*** Supplied information Section Begins ***
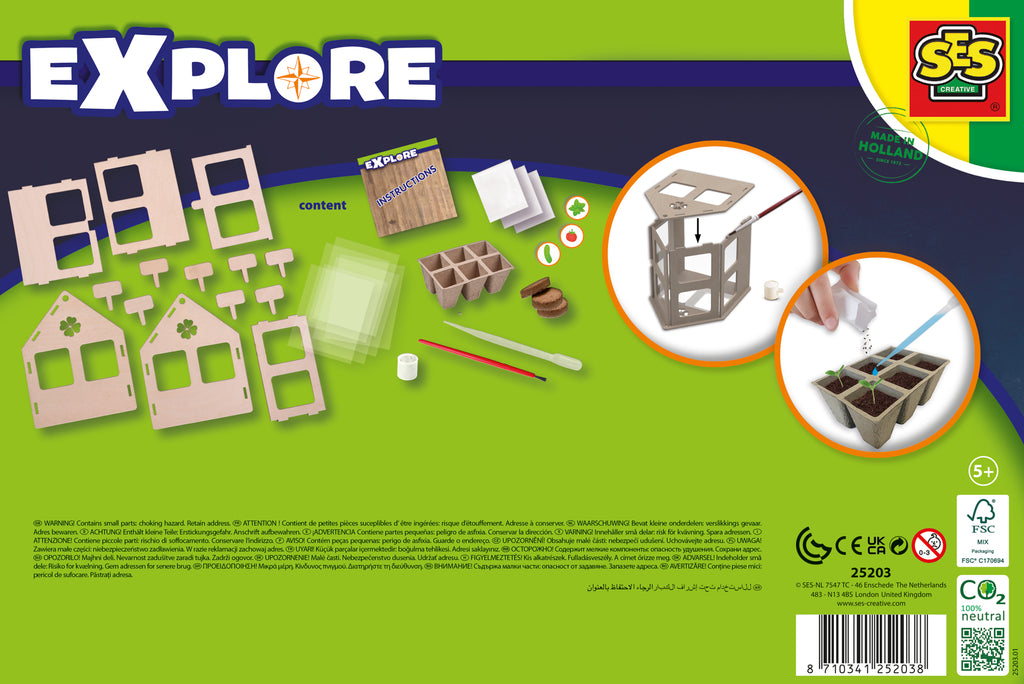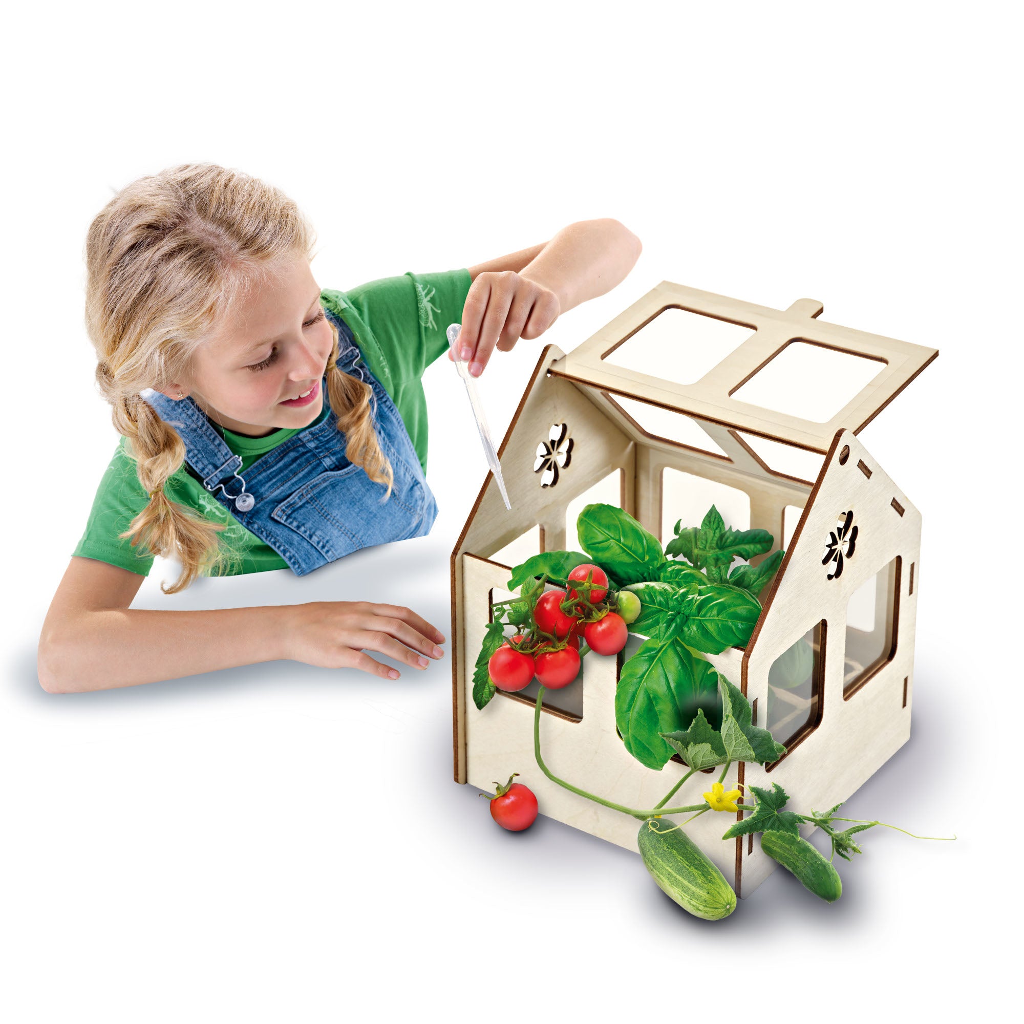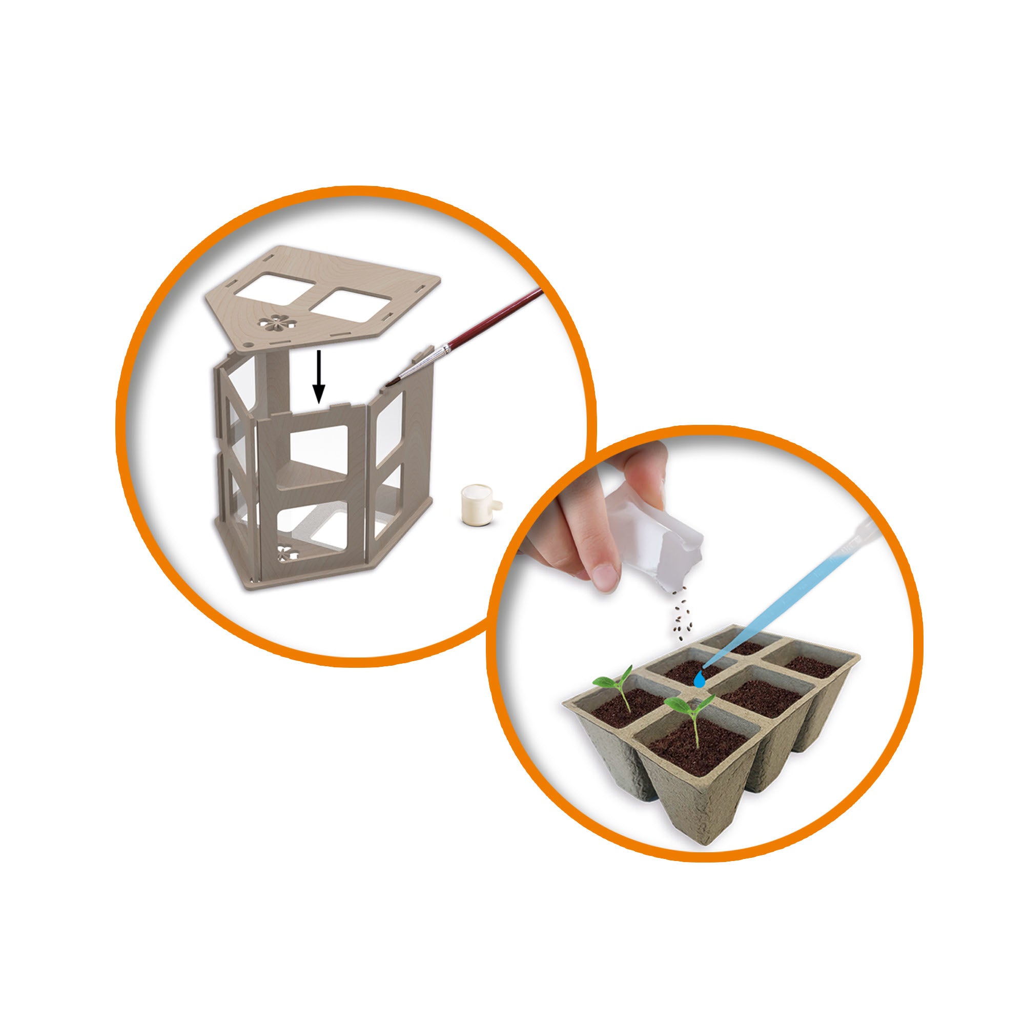 Inhoud: houten delen broeikas, transparante sheets voor ramen broeikas, lijm, penseel, plantenprikkers, kweektray, kokos potgrond tabletten, zaden tomaat, zaden basilicum, zaden komkommer, pipet, instructies
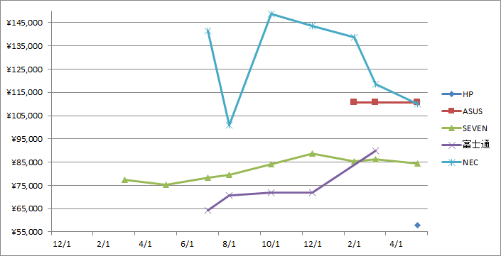 2ヶ月ぶり71度目の更新です。 今回はHPが追加したものの富士通が無くなって、合計4メーカーとなっております。
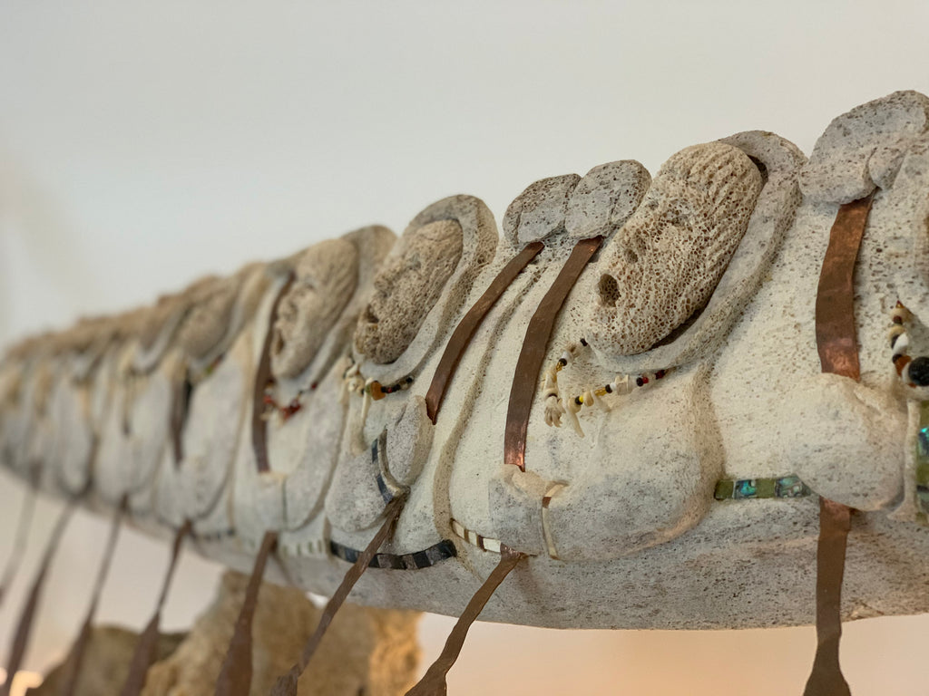 Bob Kussy and Goota Ashoona have carved an extraordinarily exquisite sculpture illustrating the voyage of eleven Inuit men in their Umiak on the Arctic Ocean.
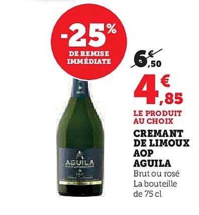 Ne manquez pas cette opportunité incroyable de déguster un Crémant de Limoux AOP Aguila, disponible en version brut ou rosé. Ce vin effervescent, raffiné et aromatique, est idéal pour célébrer vos moments spéciaux ou simplement pour se faire plaisir. Profitez d'une remise immédiate et ajoutez une touche festive à vos repas.
*** Supplied information Section Ends ***
What you need to do
Copy out exactly the material that runs from the line with "2ヶ月ぶり71度目の更新です" to the line with "Bob Kussy and", ends included, and leave the pictures behind.

Task solution
 2ヶ月ぶり71度目の更新です。 今回はHPが追加したものの富士通が無くなって、合計4メーカーとなっております。
 Bob Kussy and Goota Ashoona have carved an extraordinarily exquisite sculpture illustrating the voyage of eleven Inuit men in their Umiak on the Arctic Ocean.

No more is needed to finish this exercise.